--- What you have to do ---
Would you repeat word for word the lines of the listing that follows, from the one with "常州校区学生学术活动、文体活动相关安排(第15周)" up to and including the one with "This was an", and leave out the images?

--- Records for this task ---
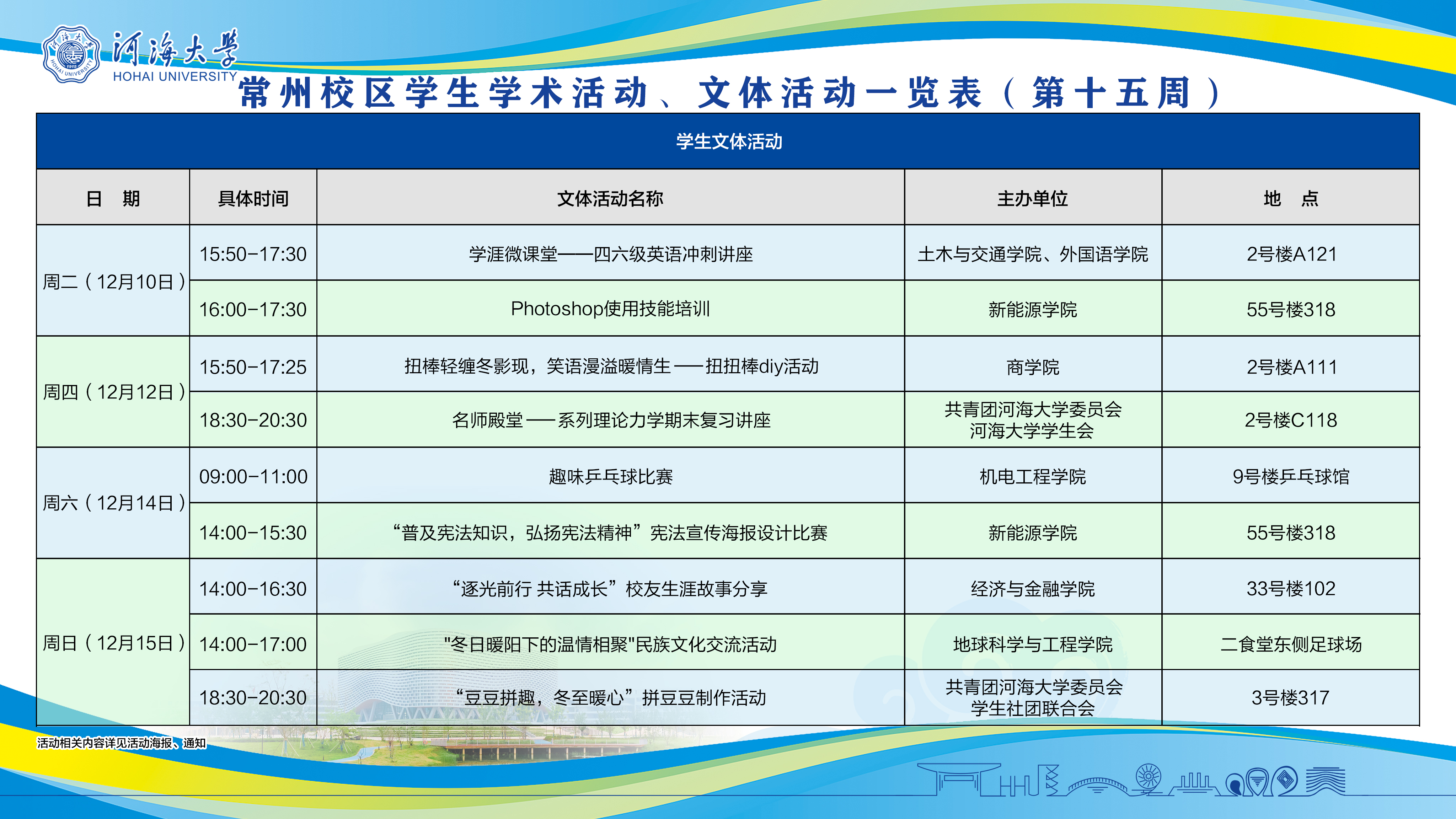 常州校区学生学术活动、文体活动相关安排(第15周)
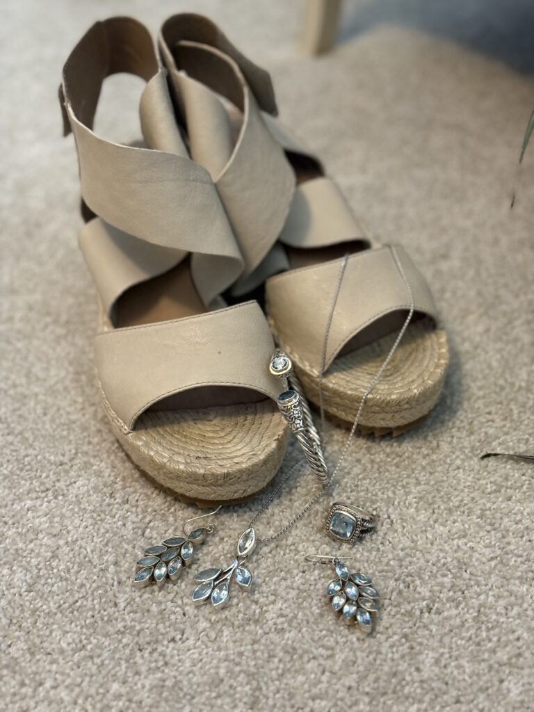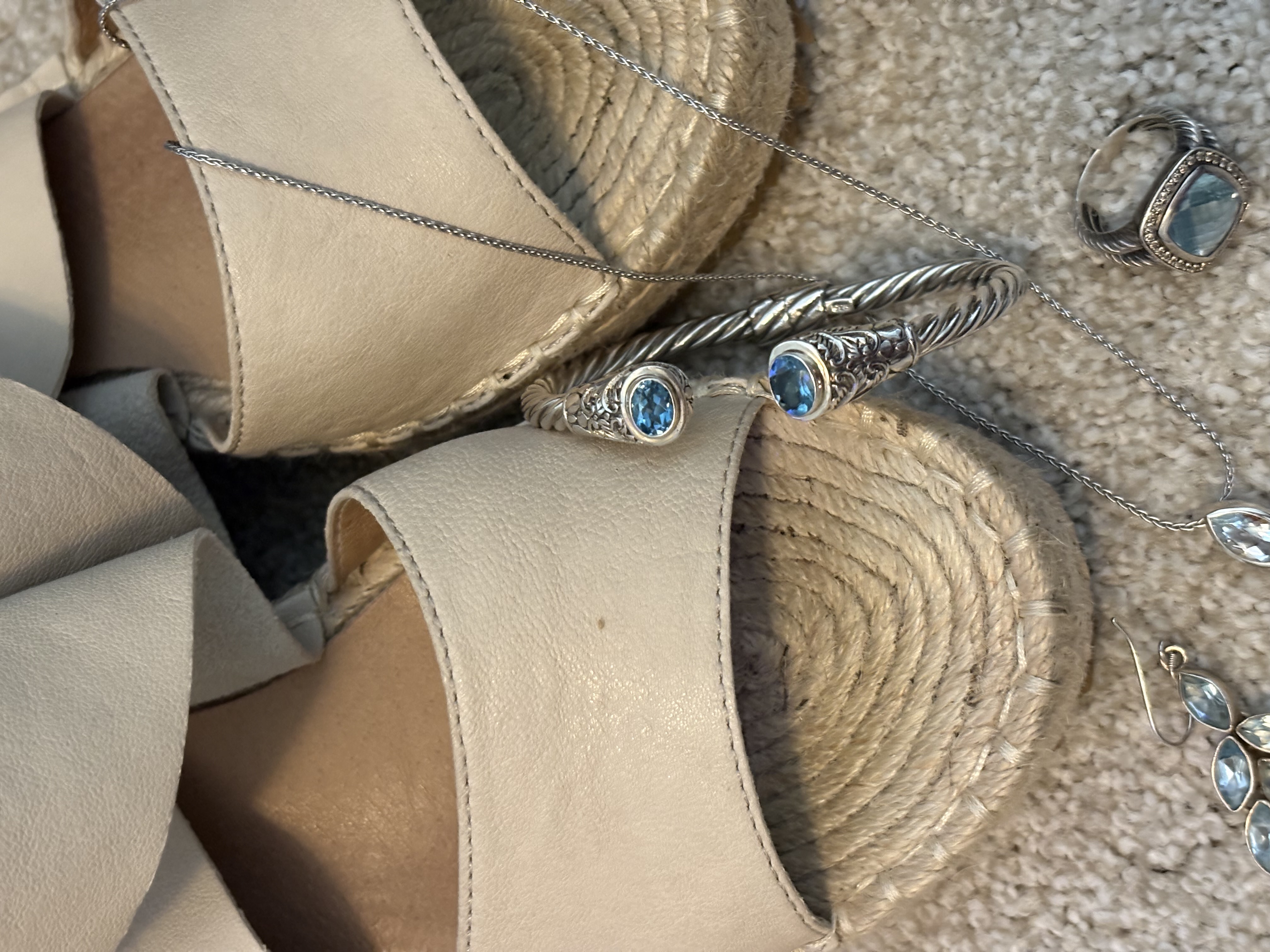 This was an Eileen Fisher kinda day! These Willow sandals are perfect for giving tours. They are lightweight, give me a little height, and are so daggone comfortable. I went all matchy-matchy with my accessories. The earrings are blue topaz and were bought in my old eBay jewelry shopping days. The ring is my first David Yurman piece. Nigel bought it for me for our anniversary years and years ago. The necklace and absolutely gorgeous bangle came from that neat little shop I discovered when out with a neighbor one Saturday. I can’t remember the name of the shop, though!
...
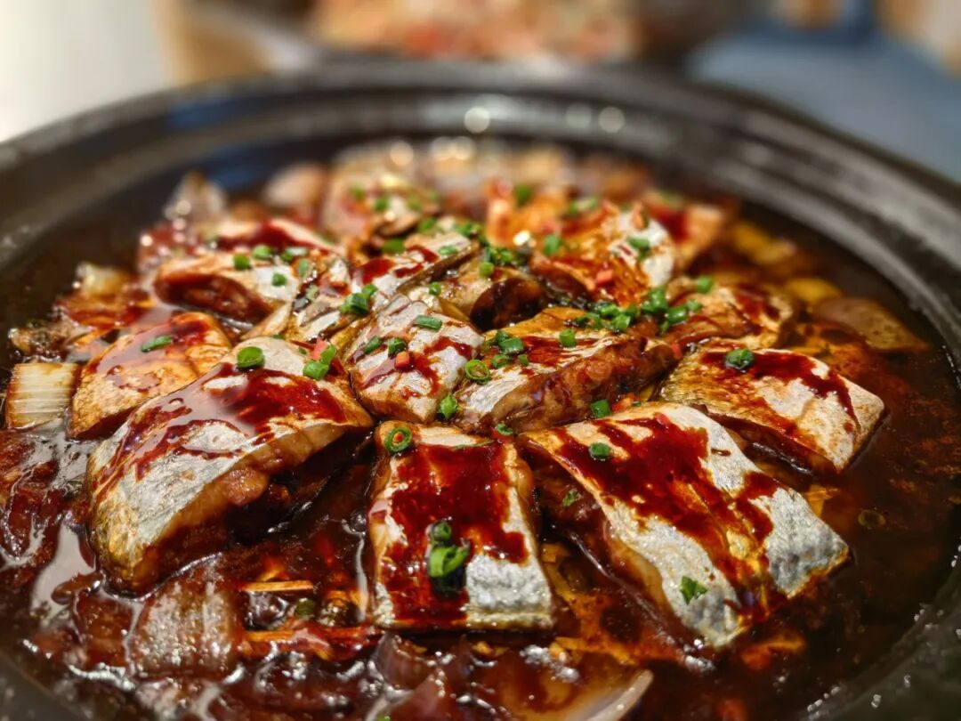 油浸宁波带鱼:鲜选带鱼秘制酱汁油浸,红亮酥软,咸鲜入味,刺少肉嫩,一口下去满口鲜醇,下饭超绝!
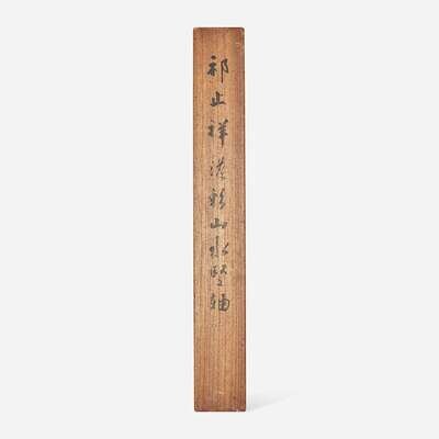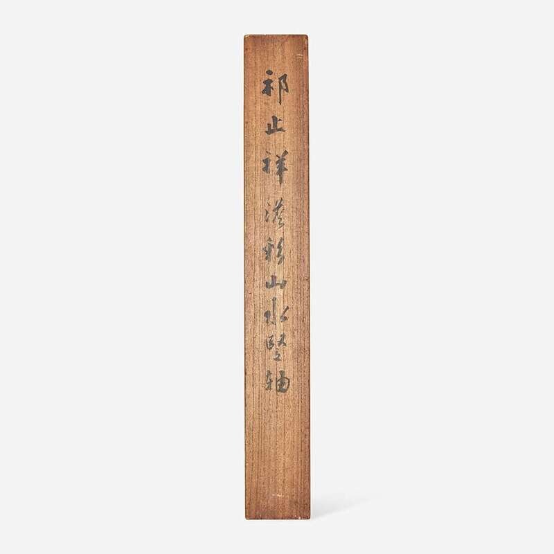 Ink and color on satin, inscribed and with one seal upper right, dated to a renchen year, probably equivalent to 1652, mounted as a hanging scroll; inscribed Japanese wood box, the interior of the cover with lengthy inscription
...
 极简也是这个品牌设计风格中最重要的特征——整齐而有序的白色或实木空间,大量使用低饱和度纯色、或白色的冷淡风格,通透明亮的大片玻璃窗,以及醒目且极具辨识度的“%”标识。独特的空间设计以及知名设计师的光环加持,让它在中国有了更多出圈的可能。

--- Solution for this task ---
 常州校区学生学术活动、文体活动相关安排(第15周)
 This was an Eileen Fisher kinda day! These Willow sandals are perfect for giving tours. They are lightweight, give me a little height, and are so daggone comfortable. I went all matchy-matchy with my accessories. The earrings are blue topaz and were bought in my old eBay jewelry shopping days. The ring is my first David Yurman piece. Nigel bought it for me for our anniversary years and years ago. The necklace and absolutely gorgeous bangle came from that neat little shop I discovered when out with a neighbor one Saturday. I can’t remember the name of the shop, though!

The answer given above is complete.